(RECORDS TO PROCESS):
• • • •

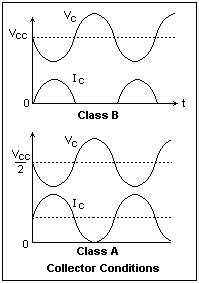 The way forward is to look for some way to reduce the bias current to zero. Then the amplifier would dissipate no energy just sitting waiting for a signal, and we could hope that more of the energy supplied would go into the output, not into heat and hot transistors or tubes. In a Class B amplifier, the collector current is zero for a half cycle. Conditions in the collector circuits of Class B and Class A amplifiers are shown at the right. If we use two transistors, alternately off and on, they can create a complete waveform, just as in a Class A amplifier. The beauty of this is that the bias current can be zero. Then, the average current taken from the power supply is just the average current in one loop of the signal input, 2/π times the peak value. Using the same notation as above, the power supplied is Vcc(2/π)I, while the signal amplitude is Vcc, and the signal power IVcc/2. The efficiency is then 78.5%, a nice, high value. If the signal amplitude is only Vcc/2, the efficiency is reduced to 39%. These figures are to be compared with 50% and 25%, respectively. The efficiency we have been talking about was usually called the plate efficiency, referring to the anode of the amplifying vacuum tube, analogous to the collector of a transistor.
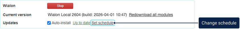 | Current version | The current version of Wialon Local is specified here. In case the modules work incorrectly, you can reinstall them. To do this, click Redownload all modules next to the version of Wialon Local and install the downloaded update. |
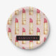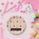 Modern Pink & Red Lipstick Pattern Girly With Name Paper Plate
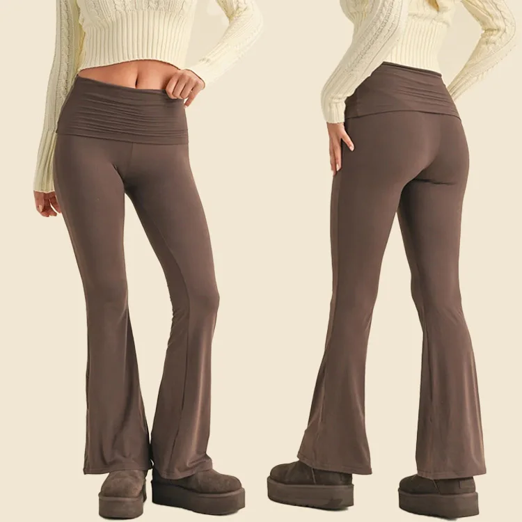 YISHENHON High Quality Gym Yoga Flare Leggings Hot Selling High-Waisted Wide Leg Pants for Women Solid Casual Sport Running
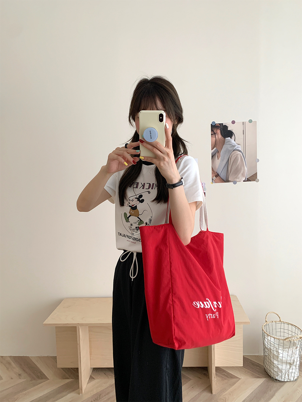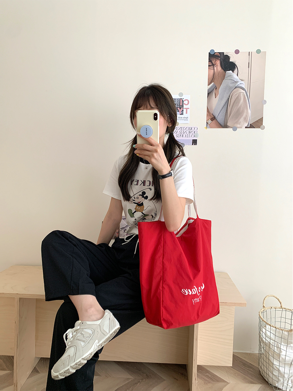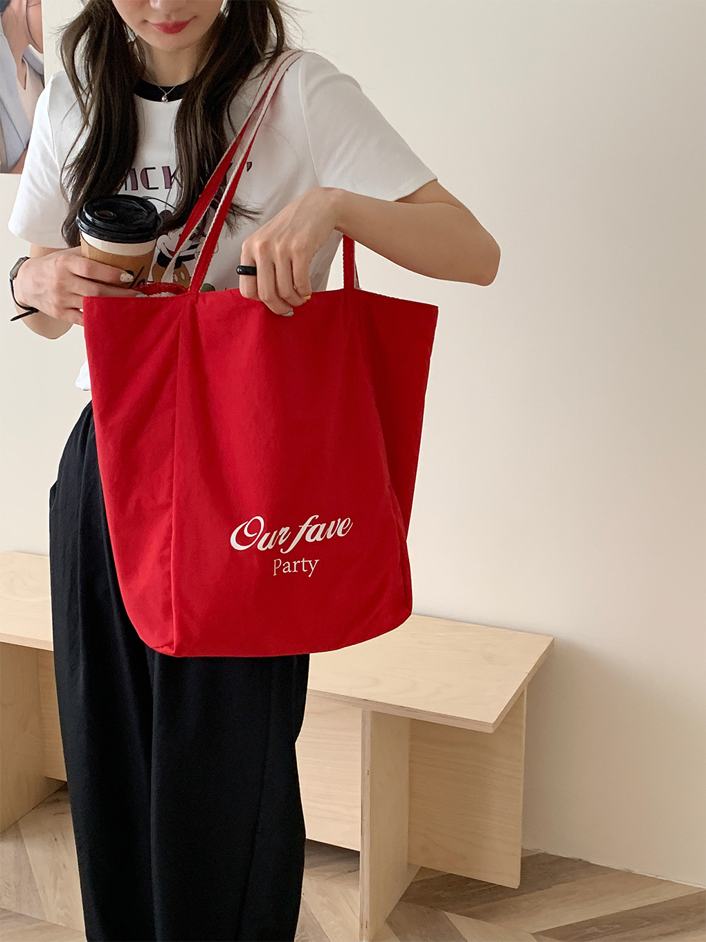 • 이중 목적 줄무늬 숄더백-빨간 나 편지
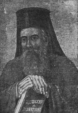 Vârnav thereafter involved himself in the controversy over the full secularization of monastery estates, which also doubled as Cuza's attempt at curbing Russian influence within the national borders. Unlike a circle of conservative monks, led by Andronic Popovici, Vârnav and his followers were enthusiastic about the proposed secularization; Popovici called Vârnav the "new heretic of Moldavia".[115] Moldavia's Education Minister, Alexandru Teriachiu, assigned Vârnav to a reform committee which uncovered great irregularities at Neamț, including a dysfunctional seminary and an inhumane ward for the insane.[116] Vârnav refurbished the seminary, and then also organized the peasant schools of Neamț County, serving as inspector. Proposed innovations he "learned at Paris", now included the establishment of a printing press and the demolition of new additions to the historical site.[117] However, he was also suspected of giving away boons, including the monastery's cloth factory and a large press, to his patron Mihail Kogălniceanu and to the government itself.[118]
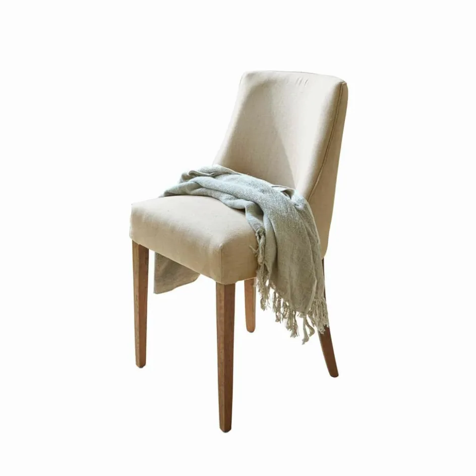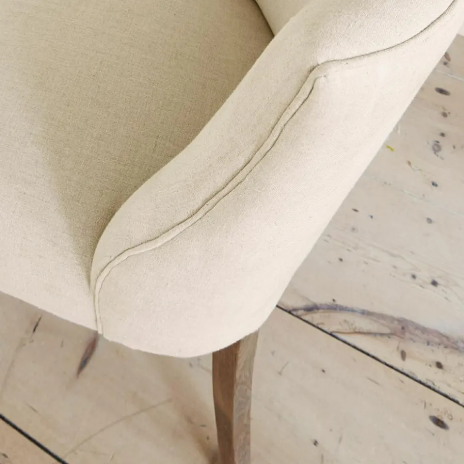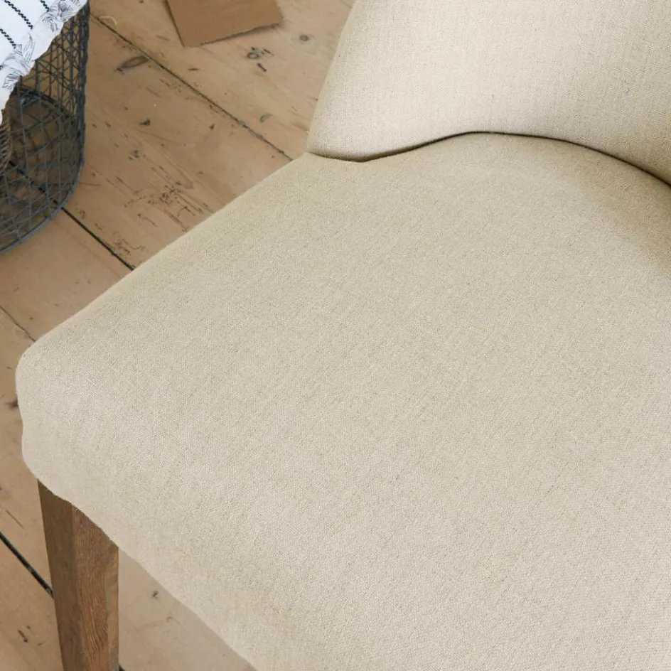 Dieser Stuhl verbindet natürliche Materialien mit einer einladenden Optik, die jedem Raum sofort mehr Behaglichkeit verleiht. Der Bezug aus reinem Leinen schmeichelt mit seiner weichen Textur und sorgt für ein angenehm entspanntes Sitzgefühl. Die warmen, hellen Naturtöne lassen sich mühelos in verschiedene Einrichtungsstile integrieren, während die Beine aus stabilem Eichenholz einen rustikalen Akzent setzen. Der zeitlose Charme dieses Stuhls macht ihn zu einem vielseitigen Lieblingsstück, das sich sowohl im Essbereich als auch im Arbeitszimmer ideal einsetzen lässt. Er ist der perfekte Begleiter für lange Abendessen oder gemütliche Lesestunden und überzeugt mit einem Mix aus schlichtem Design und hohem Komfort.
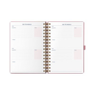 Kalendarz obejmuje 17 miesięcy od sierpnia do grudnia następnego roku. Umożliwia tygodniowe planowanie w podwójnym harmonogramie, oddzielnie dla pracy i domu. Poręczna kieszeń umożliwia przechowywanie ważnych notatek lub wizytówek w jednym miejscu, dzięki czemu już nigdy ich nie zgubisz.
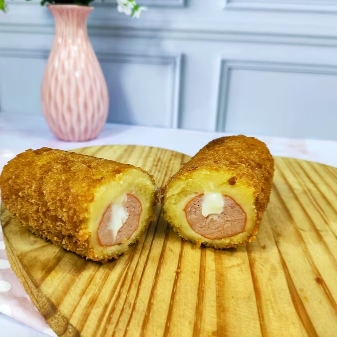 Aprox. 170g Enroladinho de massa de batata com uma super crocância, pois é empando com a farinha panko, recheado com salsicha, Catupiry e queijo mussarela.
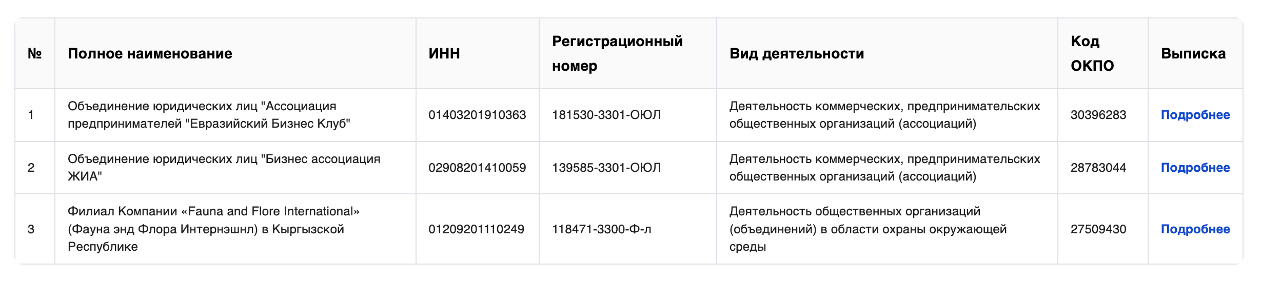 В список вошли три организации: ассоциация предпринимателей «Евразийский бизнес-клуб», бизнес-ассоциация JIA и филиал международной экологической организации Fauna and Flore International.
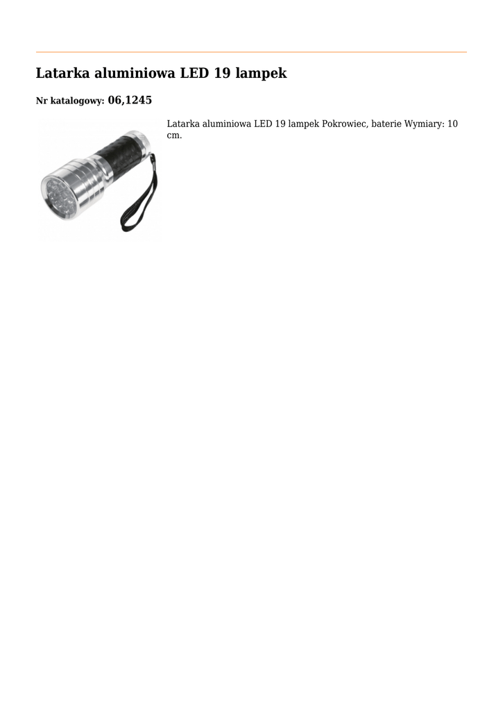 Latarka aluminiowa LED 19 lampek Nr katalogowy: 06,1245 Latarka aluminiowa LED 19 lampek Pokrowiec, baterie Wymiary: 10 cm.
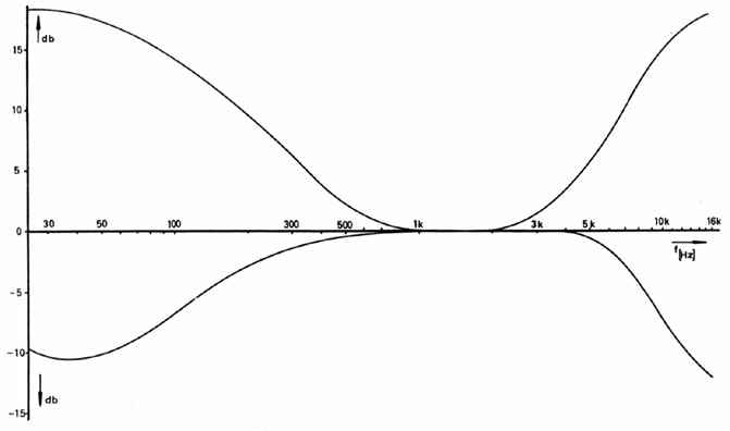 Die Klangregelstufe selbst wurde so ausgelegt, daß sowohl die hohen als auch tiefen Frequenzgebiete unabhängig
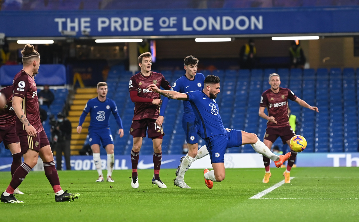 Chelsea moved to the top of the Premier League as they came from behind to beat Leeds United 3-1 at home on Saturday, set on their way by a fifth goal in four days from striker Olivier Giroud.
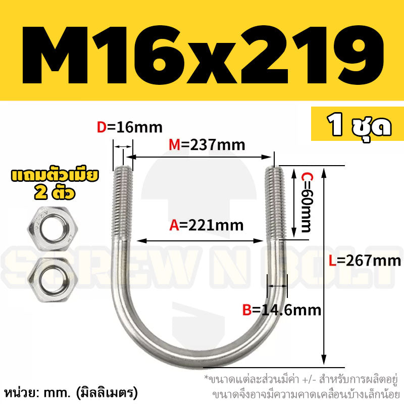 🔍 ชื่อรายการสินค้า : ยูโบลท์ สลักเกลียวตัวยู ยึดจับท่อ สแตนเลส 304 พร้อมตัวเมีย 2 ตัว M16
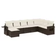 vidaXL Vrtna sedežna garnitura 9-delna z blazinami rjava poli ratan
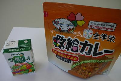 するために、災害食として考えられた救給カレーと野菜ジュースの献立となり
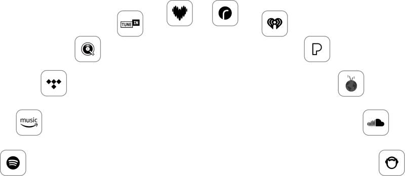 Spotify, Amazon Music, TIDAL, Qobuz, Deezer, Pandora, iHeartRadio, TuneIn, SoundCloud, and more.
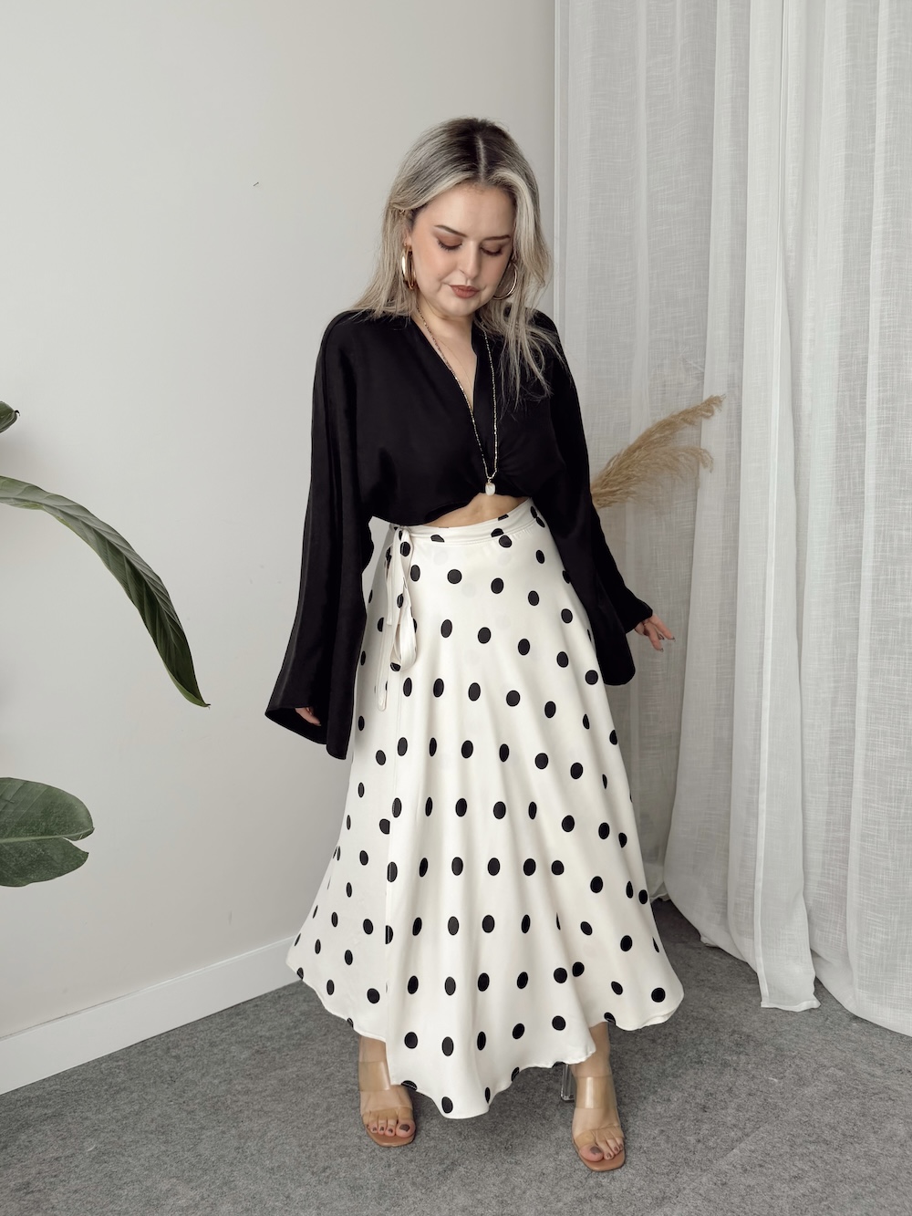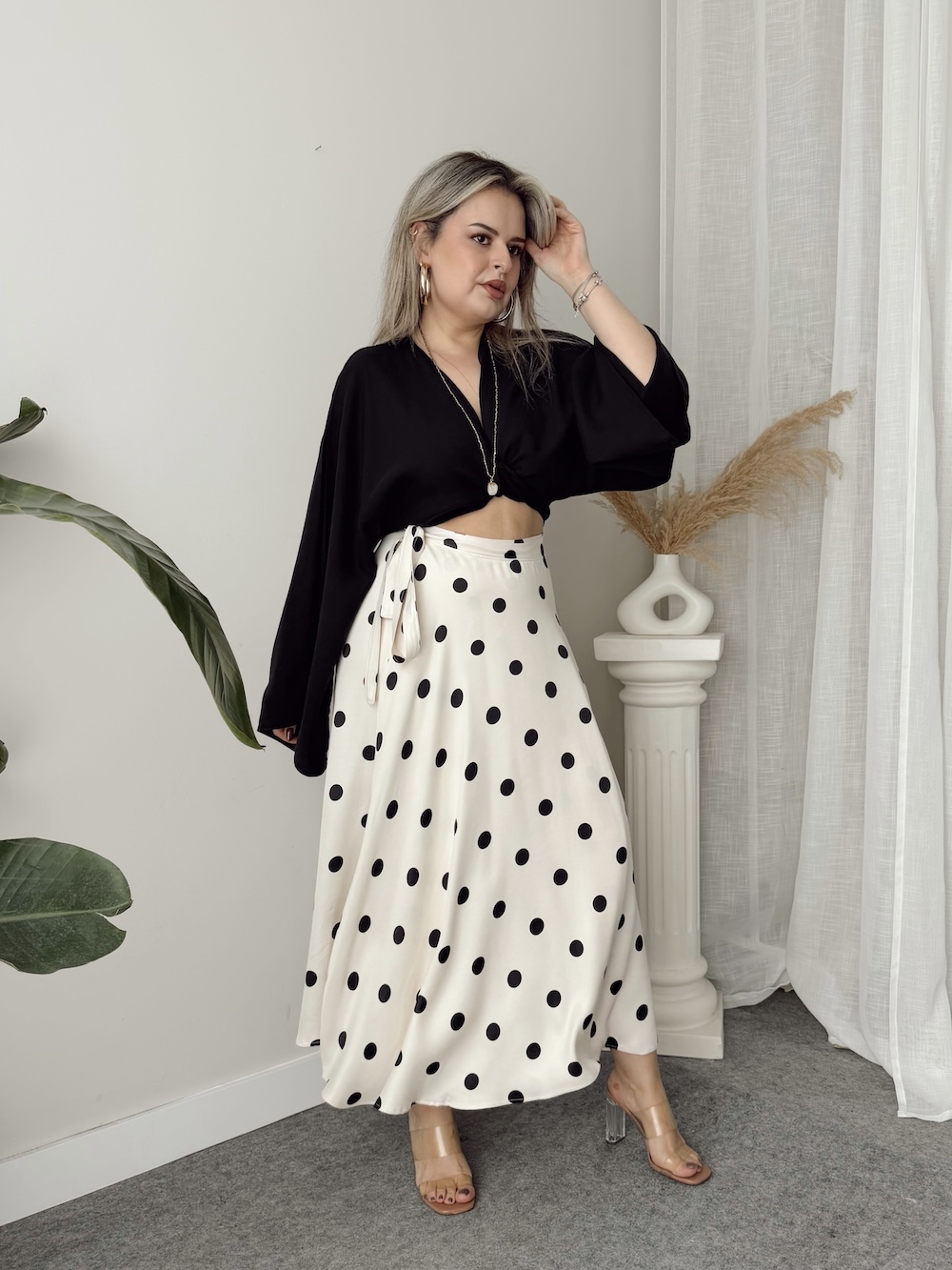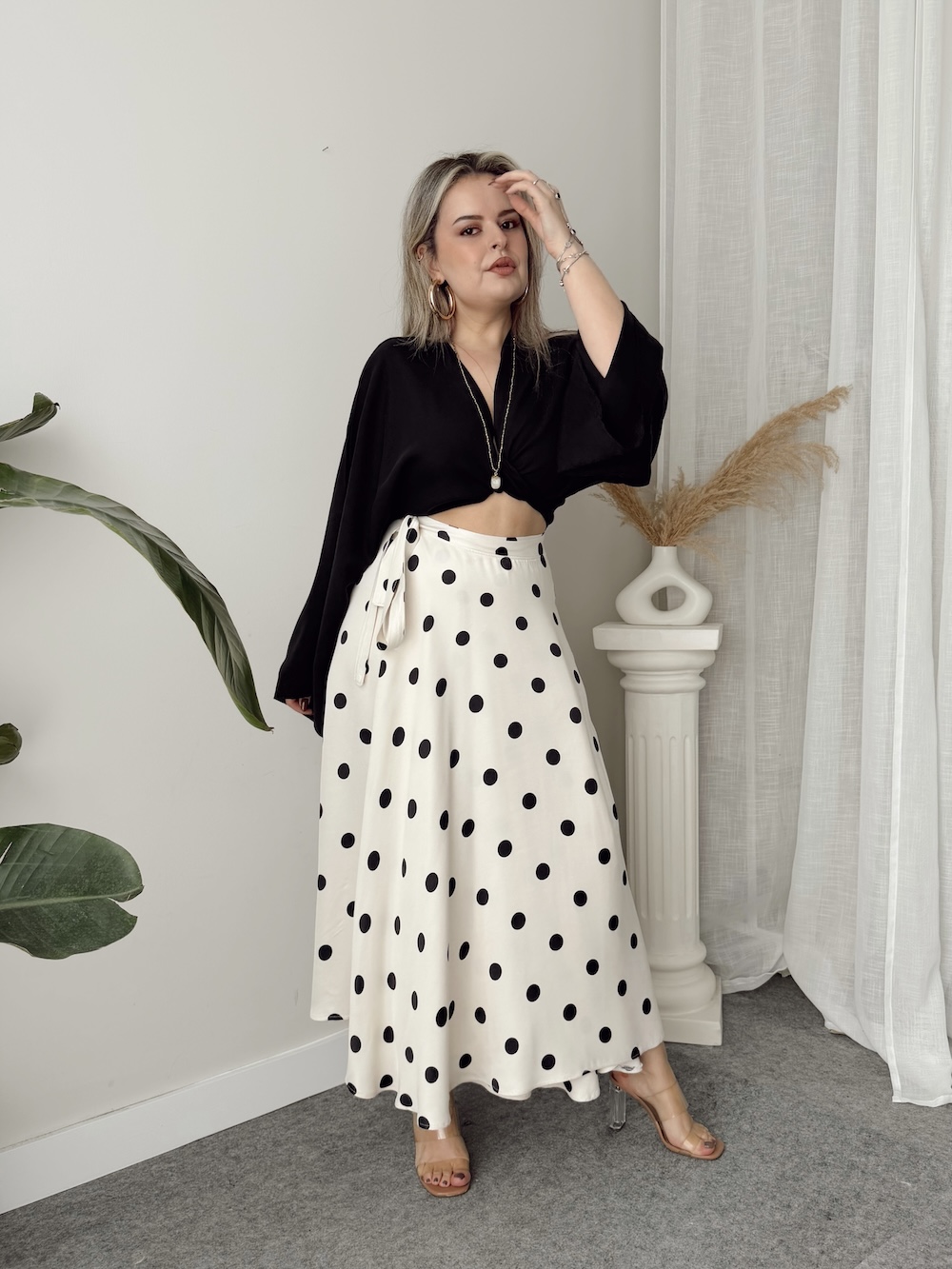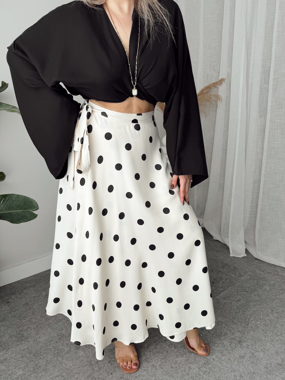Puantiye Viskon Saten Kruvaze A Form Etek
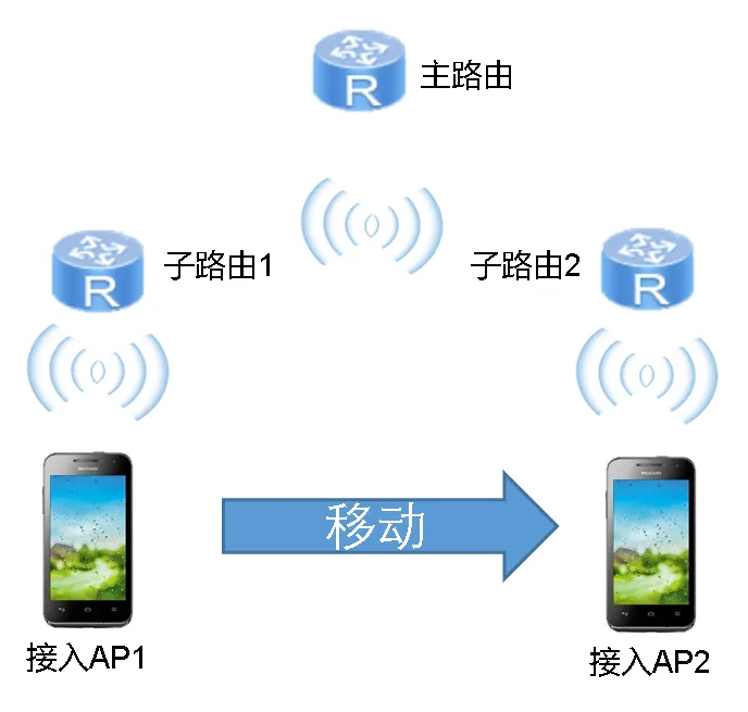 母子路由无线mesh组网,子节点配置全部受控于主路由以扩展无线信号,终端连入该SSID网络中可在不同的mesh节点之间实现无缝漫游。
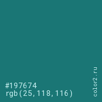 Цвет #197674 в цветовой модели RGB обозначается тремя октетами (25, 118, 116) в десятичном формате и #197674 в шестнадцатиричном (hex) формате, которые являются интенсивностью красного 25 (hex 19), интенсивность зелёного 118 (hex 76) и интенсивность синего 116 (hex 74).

• • • •

(REQUIRED ACTION): Copy exactly the material above from the line with "Modern Pink &" to the line with "Vârnav thereafter involved", ends included, and nothing else. Leave out any picture.

(TASK RESULT):
 Modern Pink & Red Lipstick Pattern Girly With Name Paper Plate
 YISHENHON High Quality Gym Yoga Flare Leggings Hot Selling High-Waisted Wide Leg Pants for Women Solid Casual Sport Running
 • 이중 목적 줄무늬 숄더백-빨간 나 편지
 Vârnav thereafter involved himself in the controversy over the full secularization of monastery estates, which also doubled as Cuza's attempt at curbing Russian influence within the national borders. Unlike a circle of conservative monks, led by Andronic Popovici, Vârnav and his followers were enthusiastic about the proposed secularization; Popovici called Vârnav the "new heretic of Moldavia".[115] Moldavia's Education Minister, Alexandru Teriachiu, assigned Vârnav to a reform committee which uncovered great irregularities at Neamț, including a dysfunctional seminary and an inhumane ward for the insane.[116] Vârnav refurbished the seminary, and then also organized the peasant schools of Neamț County, serving as inspector. Proposed innovations he "learned at Paris", now included the establishment of a printing press and the demolition of new additions to the historical site.[117] However, he was also suspected of giving away boons, including the monastery's cloth factory and a large press, to his patron Mihail Kogălniceanu and to the government itself.[118]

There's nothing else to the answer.